Hacker Newsnew | past | comments | ask | show | jobs | submitlogin

There are cheap-ish multi-project wafers (MPW).

These organizations typically also gives access to software design tools. But that's still a sizeable investment. Last project I've worked on used a (more expensive than usual I think) GloFo 22nm technology. Price was around €9k/mm², 9mm² was the minimum area. Still much more accessible to academia than individuals or open source projects, but not out of the realm of a crowdfunding campaign.

There are multiple chips that ought to be open source, broadly available, and cheap: AV1 decoders, small FPGAs, Wi-Fi or SDR chips, TMPs, and other crucial pieces for security, DIY/open HW projects, and basic computer building blocks. Most interesting to me are chips that would allow novel applications that commercial ventures would never look at, like open, hackable p2p WiFi meshes, or emulators-on-a-chip, or other application-specific coprocessors (protein folding, etc).

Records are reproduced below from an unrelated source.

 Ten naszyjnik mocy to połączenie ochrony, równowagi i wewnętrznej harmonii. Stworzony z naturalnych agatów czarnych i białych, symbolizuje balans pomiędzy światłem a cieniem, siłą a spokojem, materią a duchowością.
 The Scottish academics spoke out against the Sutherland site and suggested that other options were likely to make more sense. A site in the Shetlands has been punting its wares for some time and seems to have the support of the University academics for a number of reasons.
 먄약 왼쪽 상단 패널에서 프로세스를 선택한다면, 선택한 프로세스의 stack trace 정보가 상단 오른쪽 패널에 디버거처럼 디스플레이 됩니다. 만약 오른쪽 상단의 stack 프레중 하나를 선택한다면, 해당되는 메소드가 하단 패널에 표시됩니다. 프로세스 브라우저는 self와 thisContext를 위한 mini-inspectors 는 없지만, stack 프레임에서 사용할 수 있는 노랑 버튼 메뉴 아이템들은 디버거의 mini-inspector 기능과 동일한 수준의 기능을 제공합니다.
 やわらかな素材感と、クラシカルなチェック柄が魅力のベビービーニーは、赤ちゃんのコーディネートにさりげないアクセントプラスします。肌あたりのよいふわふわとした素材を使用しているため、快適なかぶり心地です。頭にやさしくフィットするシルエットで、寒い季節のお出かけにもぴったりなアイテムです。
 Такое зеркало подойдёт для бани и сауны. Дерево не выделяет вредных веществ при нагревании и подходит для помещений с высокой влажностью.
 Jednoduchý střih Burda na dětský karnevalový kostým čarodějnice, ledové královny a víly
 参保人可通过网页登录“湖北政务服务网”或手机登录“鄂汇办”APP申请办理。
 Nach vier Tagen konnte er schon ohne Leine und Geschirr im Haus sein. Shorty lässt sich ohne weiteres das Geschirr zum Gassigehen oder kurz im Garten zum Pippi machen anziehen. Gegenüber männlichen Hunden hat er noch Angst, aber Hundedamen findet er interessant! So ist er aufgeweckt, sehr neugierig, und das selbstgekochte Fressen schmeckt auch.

[1] ttps://mycmp.fr/technologies/process-catalog/

[2] https://europractice-ic.com/



A while back I came up with the idea of an ultra-miniature quadro copter with asynchronous outrunner motors who's stators would most likely be sintered (with or without a ferromagnetic matrix) to handle the power density, and a simple tube-shaped rotor (though a squirrel cage style might be better).

I'm thinking 5-20 mm rotor diameter (3M-750k rpm transonic limit), or maybe even smaller.

The interesting part would be an analogue ASIC that decodes an external control signal modulated onto the microwave (via rectenna) or optical (solar cell/photodiode) "wireless power" beam.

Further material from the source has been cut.